Старцы и предсказатели Оптиной пустыни
Шрифт:
Религиозный философ, писатель, публицист, литературный критик, Константин Николаевич Леонтьев имел возможность, узнав монашескую жизнь изнутри, сравнивать старцев русского Пантелеймонова монастыря на Афоне и Оптиной пустыни.
Сын небогатого калужского дворянина, Константин Николаевич родился в имении Кудиново Калужской губернии недалеко от Оптиной пустыни. Учился на медицинском факультете Московского университета. Досрочно добился звания военного врача и уехал на фронт участвовать в Крымской кампании 1853 года. Работал в госпиталях Керчи и Феодосии. Десять лет в качестве российского консула провел в Турции. Объездил и обошел весь Балканский полуостров, близко познакомившись с жизнью населявших его многочисленных народов.
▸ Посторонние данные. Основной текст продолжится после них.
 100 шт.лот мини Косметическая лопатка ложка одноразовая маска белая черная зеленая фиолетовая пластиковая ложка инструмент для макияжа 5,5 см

Во время одной из дальних поездок он внезапно заболел холерой и, вылечившись чудом, дал обет перед иконой Божьей Матери постричься в монахи. При этом Константин Николаевич был человеком глубоко неверующим. В смятении чувств от ответственности перед данным обещанием и внутренней неготовности к его выполнению он отправился в русский Пантелеймонов монастырь на Афоне, к известному старцу Иерониму.
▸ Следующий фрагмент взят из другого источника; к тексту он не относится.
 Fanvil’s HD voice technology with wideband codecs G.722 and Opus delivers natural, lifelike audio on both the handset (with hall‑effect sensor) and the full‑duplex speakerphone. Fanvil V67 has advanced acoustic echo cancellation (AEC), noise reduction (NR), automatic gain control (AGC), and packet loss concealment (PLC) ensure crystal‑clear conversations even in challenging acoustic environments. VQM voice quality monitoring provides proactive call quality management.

Старец в ответ на просьбу Леонтьева срочно постричь в монахи его, неверующего в Бога, постарался гостя успокоить и объяснить, что невозможно так сразу постригаться, необходимо сначала устроить свои дела в миру, чтобы быть свободным, подготовиться, пройти послушание. Сказал и разные другие слова, которые принято говорить в подобных случаях. После нескольких бесед со старцем Иеронимом о Боге, вере и неверии, о монашестве Константин Николаевич принял решение об отставке и на год остался в Афонском монастыре.
Этот год был наполнен трудной духовной работой, постоянным общением со старцем Иеронимом, который был не только опытным и мудрым руководителем, но и великолепным собеседником. Всю жизнь Константин Николаевич с теплым, светлым чувством вспоминал своего первого наставника. Но добиться пострижения в Афонском монастыре ему не удалось. Тогда он еще не знал, что исполнение обета пострижения постепенно затянется у него на двадцать лет. В качестве сдерживающих обстоятельств выступят и связавшая по рукам и ногам любимая, но беспомощная душевнобольная жена, и невозможность оставить литературно-публицистическое творчество, и ограниченность в средствах к существованию.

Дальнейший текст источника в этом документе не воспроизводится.